## Exercise prompt
Could you give back exactly the lines below from the one with "Route | Wanderparkplatz" through the one with "Tal y como se", without a single picture?

START Study material

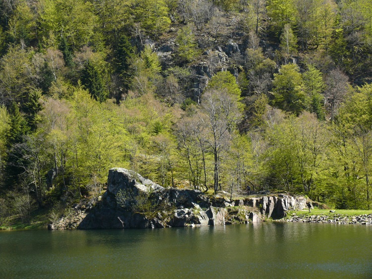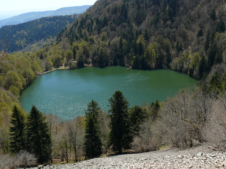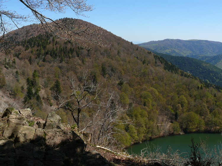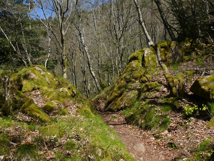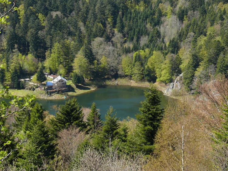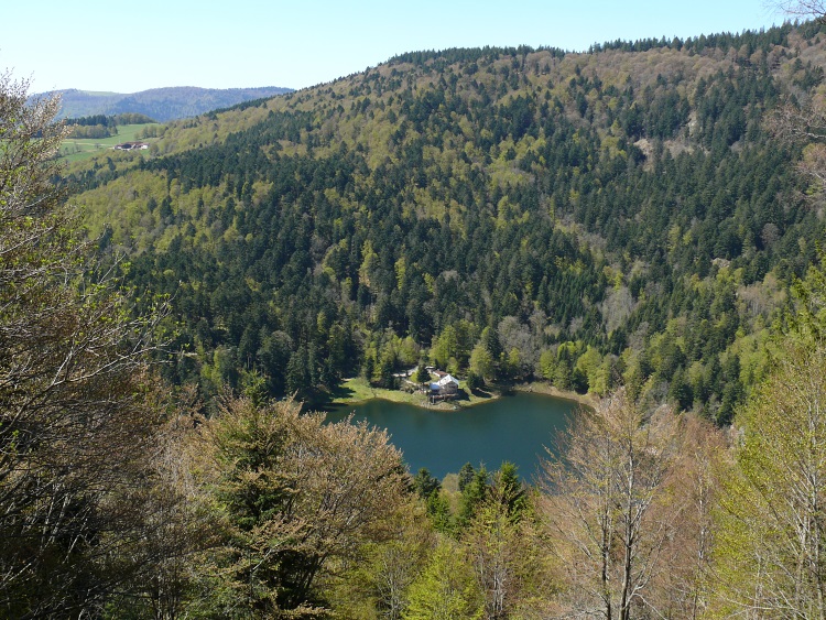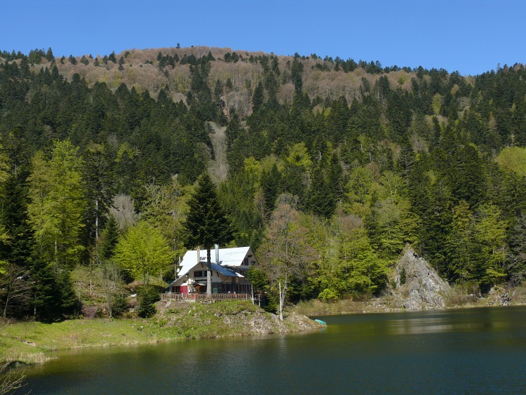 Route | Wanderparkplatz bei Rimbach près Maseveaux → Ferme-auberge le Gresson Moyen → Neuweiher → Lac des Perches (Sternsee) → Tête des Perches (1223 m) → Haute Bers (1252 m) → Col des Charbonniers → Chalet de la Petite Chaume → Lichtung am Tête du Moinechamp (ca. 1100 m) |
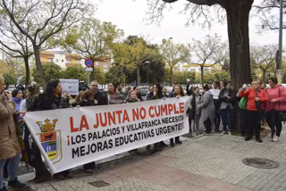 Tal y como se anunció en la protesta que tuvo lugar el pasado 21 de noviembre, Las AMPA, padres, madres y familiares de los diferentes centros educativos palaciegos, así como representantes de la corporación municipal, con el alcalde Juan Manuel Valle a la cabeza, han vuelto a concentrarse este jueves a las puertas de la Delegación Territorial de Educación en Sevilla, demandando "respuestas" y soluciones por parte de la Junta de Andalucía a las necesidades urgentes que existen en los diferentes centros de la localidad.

END Study material
START Study material

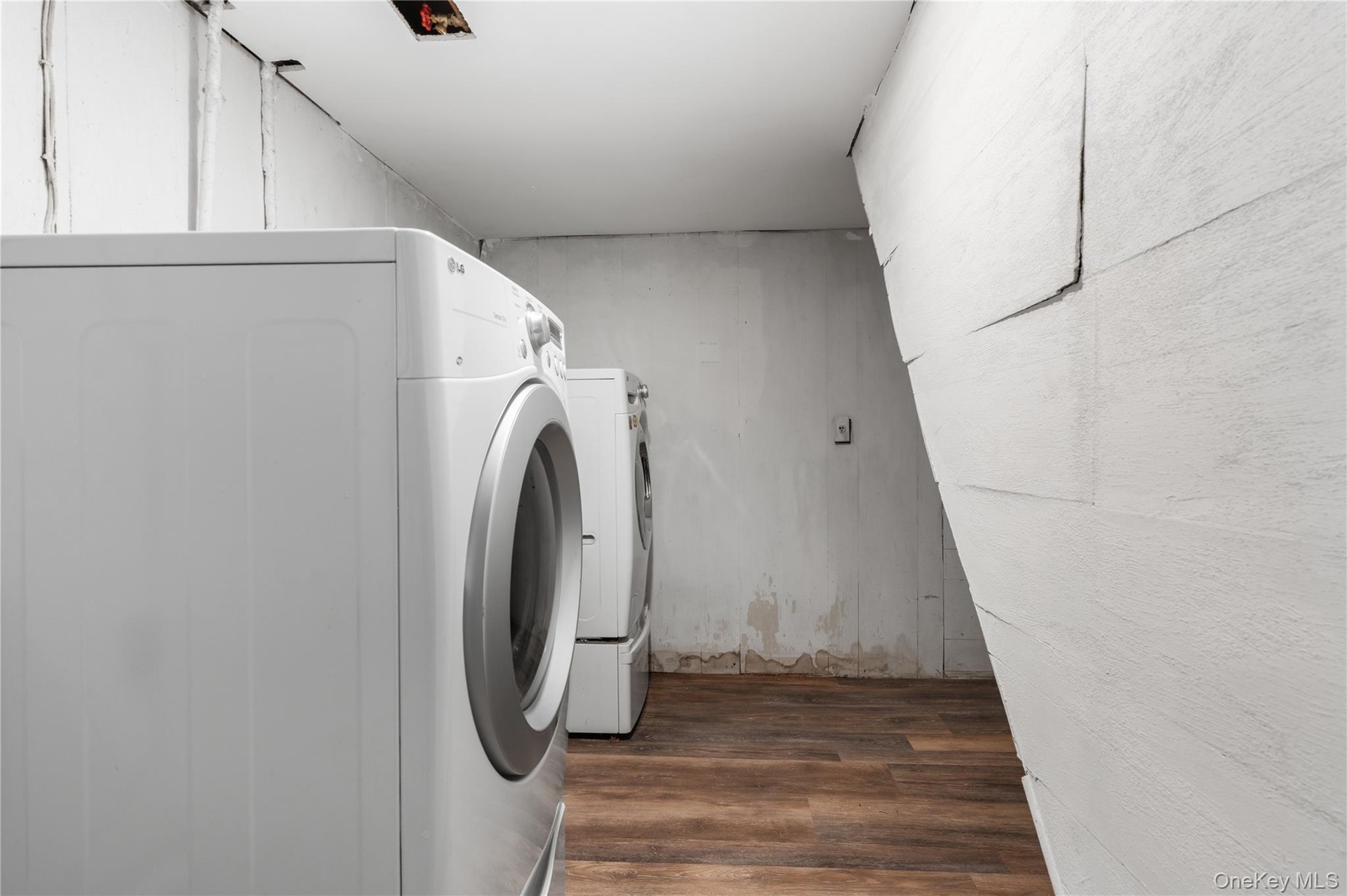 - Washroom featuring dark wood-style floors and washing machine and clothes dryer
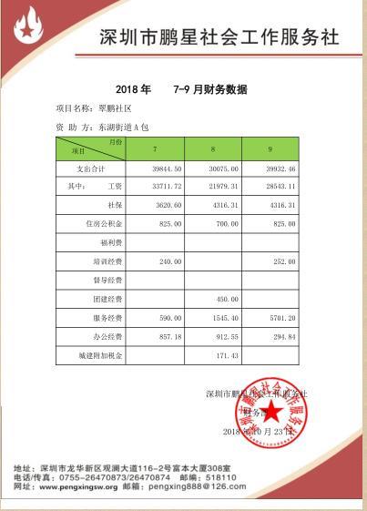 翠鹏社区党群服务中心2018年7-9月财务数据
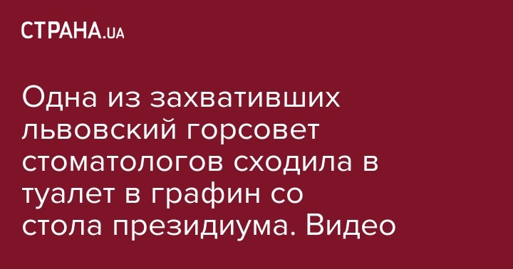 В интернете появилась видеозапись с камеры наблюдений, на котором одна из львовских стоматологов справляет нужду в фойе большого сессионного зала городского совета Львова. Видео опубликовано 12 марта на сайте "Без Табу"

END Study material

## Solution to this task
 Route | Wanderparkplatz bei Rimbach près Maseveaux → Ferme-auberge le Gresson Moyen → Neuweiher → Lac des Perches (Sternsee) → Tête des Perches (1223 m) → Haute Bers (1252 m) → Col des Charbonniers → Chalet de la Petite Chaume → Lichtung am Tête du Moinechamp (ca. 1100 m) |
 Tal y como se anunció en la protesta que tuvo lugar el pasado 21 de noviembre, Las AMPA, padres, madres y familiares de los diferentes centros educativos palaciegos, así como representantes de la corporación municipal, con el alcalde Juan Manuel Valle a la cabeza, han vuelto a concentrarse este jueves a las puertas de la Delegación Territorial de Educación en Sevilla, demandando "respuestas" y soluciones por parte de la Junta de Andalucía a las necesidades urgentes que existen en los diferentes centros de la localidad.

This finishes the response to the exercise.